Movie Review - Mulholland Dr.
User Rating:
2001 / 145 Minutes / R
Reviewed by Dale Nauertz
David Lynch, you’ve done it again. Now, hold on, before you call and reserve tickets, that isn’t necessarily a good thing.
I have never really cared for David Lynch. If that makes me a hopeless square, so be it. If that means I am not cool, not trendy, not a true cinema aficionado, well, whatever. I could give less of a shit. Lynch has always pissed me off for one simple reason: I can rarely tell what the fuck his movies are supposed to be about. He is capable of brilliance. After all, he did do “The Straight Story” which was simple and elegant in the way of a wonderful poem. In that movie, he was spot on in depicting the way people talked, the way they moved, the things they said and the things they left unsaid. “The Straight Story” was brilliant and beautiful and inspiring. It also gave me hope. I had hoped Lynch had turned a corner. Yes, I had heard that “Mulholland Drive” was a great film, one of the year’s best and perhaps Lynch’s greatest achievement. If his last film had been “Lost Highway”, then there is no way you would have gotten me near the theater. Because “Lost Highway” largely sucks. Sure, it had its moments. There is a chilling moment at a party where Bill Pullman is advised by a strange man to make a phone call to his own house….only to have the phone answered by himself. That moment rightly got on more than a couple “Creepies Moments in Cinema” lists. No one is better at darkness and depravity than David Lynch.
So far so good, right? Not quite. Because, while Dave does have a great idea of how to craft a creepy moment, he doesn’t really know how to add them up. “Lost Highway” was without punch because the film was a total washout. There was no sense to it, no purpose. It was a collage of images that, when you finally added them up, didn’t really mean anything. It was a meandering, sometimes intriguing, challenging and ultimately frustrating piece of crap. Well, I hate to break this to you, but “Mulholland Drive”, despite its presence on every top ten critic’s list I have seen, is completely fucked in the head.
The story. What is the story? Good question. I watched the whole movie and I couldn’t tell you. Every so often, I thought that the movie was going somewhere. I thought that there was some grand design behind it all. But I was wrong. The film concerns an amnesiac woman (Lara Harring) and the plucky young actress whose house she invades (Naomi Watts). The woman can only remember that she had been in a car accident on Mulholland Drive. In their attempts to piece together the events she underwent previous to her accident, the story meanders through wheelchair-bound dwarves, spontaneous Spanish speaking, a director named Adam whose wife appears to be getting boffed by Billy Ray Cyrus (I’m not kidding! I swear it’s him!), strange magic/music shows, lesbianism, and a man who is very picky about his espresso. None of it gels into anything remotely resembling sense. It flirts with having a point every so often, but ultimately, the film would rather just go nuts and show you a lot of strange imagery. Watching “Mulholland Drive” is about like taking a ride in a taxi and, just when you’re about to get to your destination, the driver bails out and you have no way of controlling the vehicle. And it’s less fun.
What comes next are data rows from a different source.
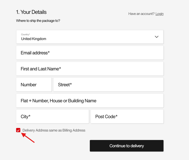 At the check-out page, in the second step with "Your Details", please untick the box dedicated "Delivery Address same as Billing Address". After unticking the box, the billing address section will appear.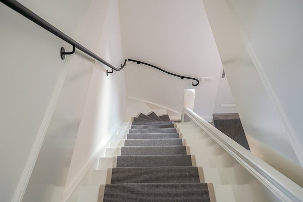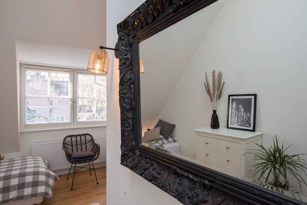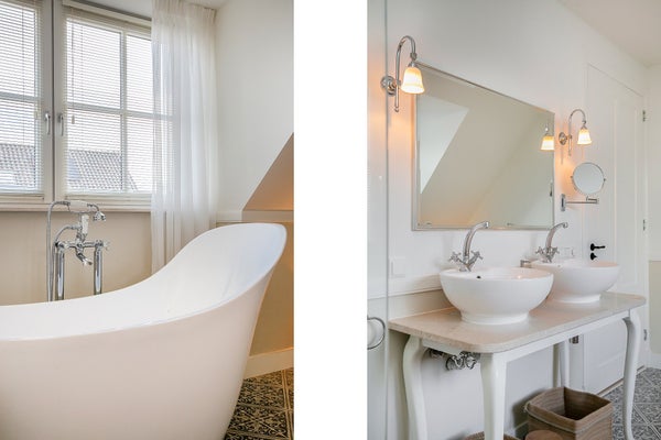 Op de eerste etage bereik je via de overloop de twee slaapkamers, badkamer en wasruimte. De wasruimte is verborgen achter twee deuren en voorzien van een wasmachine en droger. De stijlvolle badkamer is voorzien van een vrijstaand ligbad, douche, dubbele wastafel en toilet. De grote master bedroom beslaat de gehele diepte van de woning, met ramen aan zowel de voor- als de achterkant. De slaapkamer is voorzien van een 200x200 cm tweepersoonsbed, linnenkast en aan beide kanten inbouwkasten met volop ruimte voor kleding. Omdat de kamer oorspronkelijk als twee slaapkamers ontworpen is, zijn er twee toegangsdeuren vanuit de overloop. De L-vormige tweede slaapkamer is voorzien van twee eenpersoonsbedden, een wastafel en een lichtkoepel en heeft mooi, vrij uitzicht over de kasteeltuin.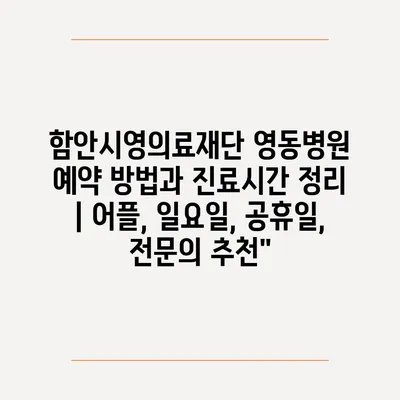 함안시영의료재단 영동병원 예약 방법과 진료시간 정리 | 어플, 일요일, 공휴일, 전문의 추천”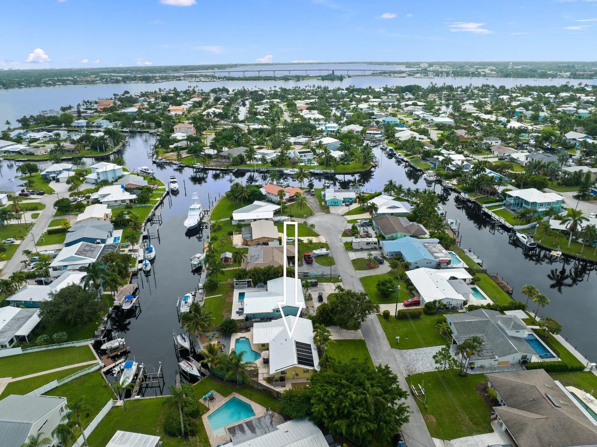 **SELLER FINANCING AVAILABLE WITH NEGOTIABLE TERMS!!** Situated in the prestigious waterfront community of Lighthouse Point/Seagate Harbor, this 3 bed, 2 bath fully furnished home combines exclusive living with convenient Ocean access. Step inside to an inviting open floor plan designed for both relaxation and entertaining. The spacious living areas flow effortlessly into the gourmet kitchen equipped with white quartz countertops, walk-in pantry, shaker cabinets and GAS stove. Escape to the outdoors where a built-in fire-pit, private dock and 25 foot boat lift await, accompanied by lush landscaping and a solar-heated pool. This home is equipped with a durable metal roof, partial impact windows and tinted glass throughout, enhancing both energy efficiency and privacy. Palm City offers A-rated schools and is conveniently located near I-95 and the turnpike, making this home perfect for commuters and boating enthusiasts alike!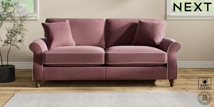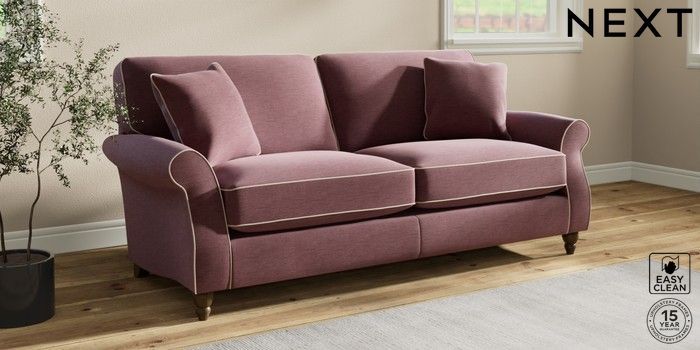 7.3.1 Buy Ashford Relaxed Sit 3 Seater Sofa Fine Chenille with Contrast Mid Mulberry Purple and Oyster Low Turned - Mid from the Next UK online shop Click here to use our accessible website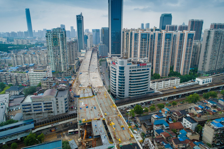 與此同時(shí),在硚口路、寶豐路與解放大道交會(huì)處,與高架橋跨輕軌段相連的寶硚四層立交主體結(jié)構(gòu)也于9日完工,立交雛形已現(xiàn)。待立交匝道全部建成后,有望解決建設(shè)大道、解放大道及漢陽(yáng)來(lái)往車輛的擁堵問題。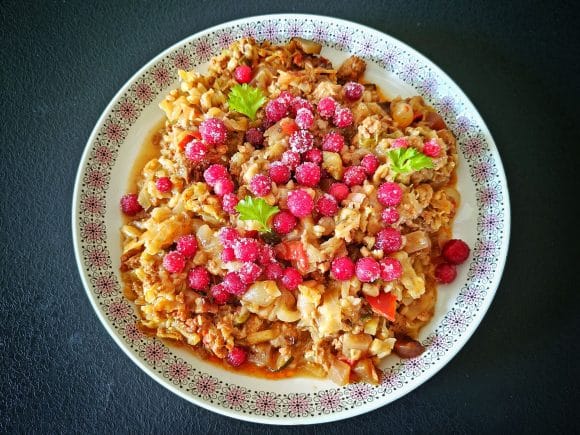 Tarjoa kaalilaatikko sokeroitujen puolukoiden tai karpaloiden kera.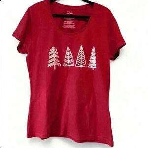 Christmas Trees Women's Red Graphic T-Shirt Size medium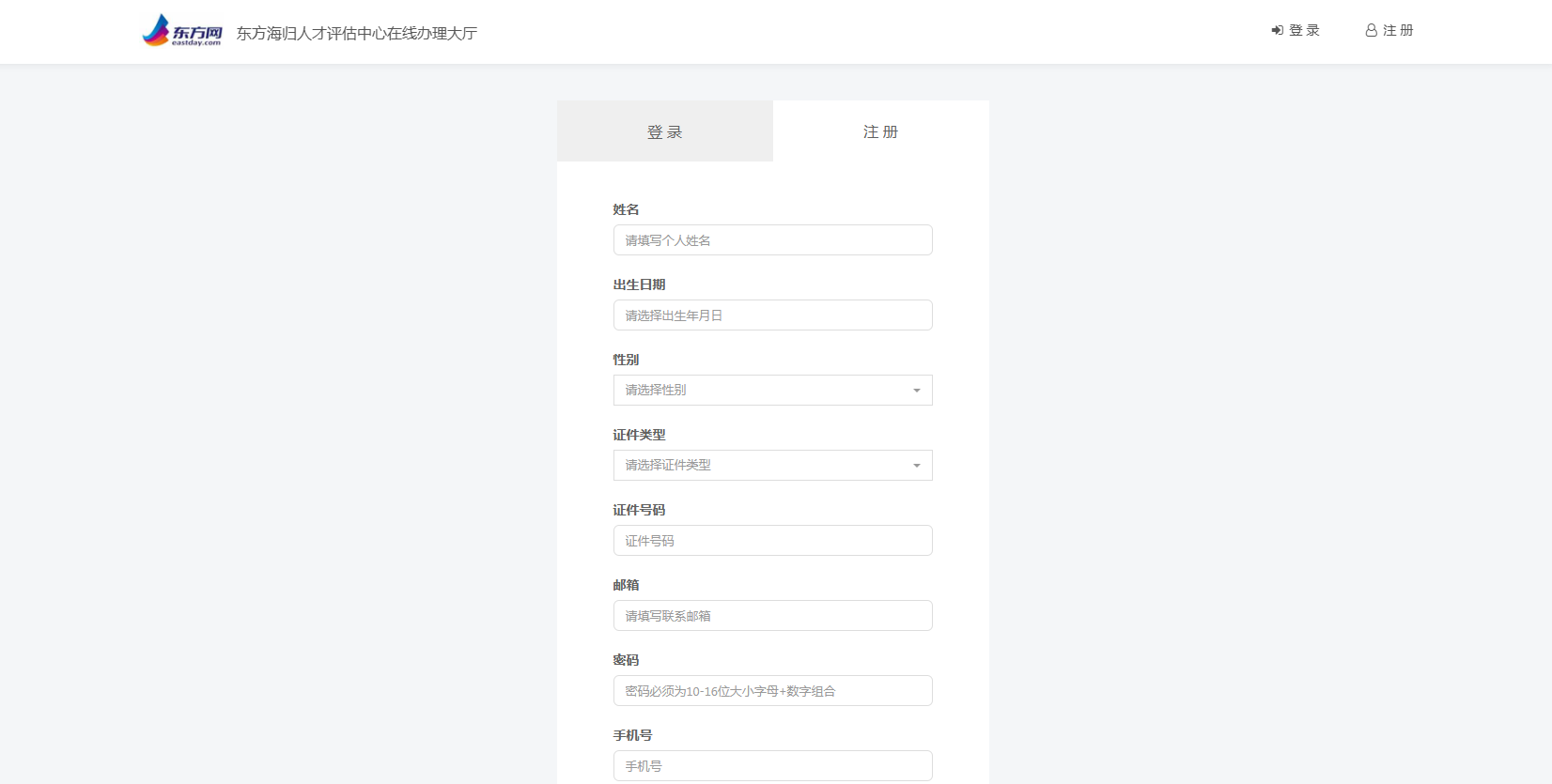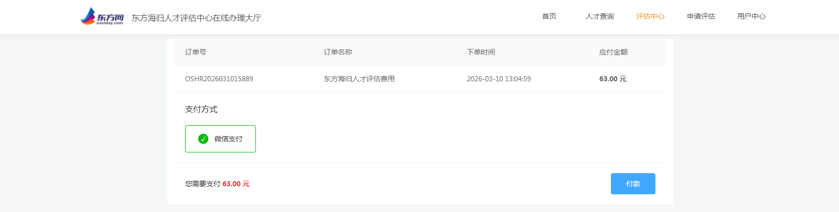 东方海归人才评估中心服务协议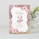 Frente rosa dourada brilhante falso e cor-de-rosa pincelada com três grandes no centro, elegante e na moda, excelente e aniversário de 3 anos convites para meninas.

There are moments that are intriguing. There are interesting characters and ideas. In fact, that’s the thing that pissed me off so much about this movie. I cared about these characters. I wanted to know what was happening. I wanted to know what the purpose of it all was. But apparently, I cared more than Lynch did. In the end, David would rather just attempt to shock us and show us some creepy stuff. The film doesn’t even work on that level. More than once toward the end of this film, when I take it I was supposed to be creeped out, I was simply laughing at the ludicrous ineptitude of it all. It was more silly than suspenseful. And the lesbian scene, hot and welcome as it was, had all the point and purpose such a film has in a porno, except that it comes even more out of nowhere.
I could take all this if I thought there was some higher purpose behind it all, if there were some theme I could ponder and explore later. But there isn’t. If there is, I don’t know what the hell it is. I like a movie that challenges my intelligence, but I like this one doesn’t. It simply frustrates my intelligence. Just when I thought the movie did have a point, it did a complete 180 and left me scratching my ass. Maybe there is something there, down deep, very, very deep. But you know what? I have better things to do with my life. Yes, even I do. I don’t need to spend hours on the internet analyzing Lynch’s insane delusions. Thanks anyway. I prefer “The Straight Story” which explores interesting ideas and introduces intriguing characters without ultimately pissing me off.
If this is your sort of thing, then you’ll eat this shit up with a spoon. It isn’t mine. Say that I “didn’t get it”. Say that I’m an idiot. Whatever. I don’t give a shit. I don’t need this aggravation.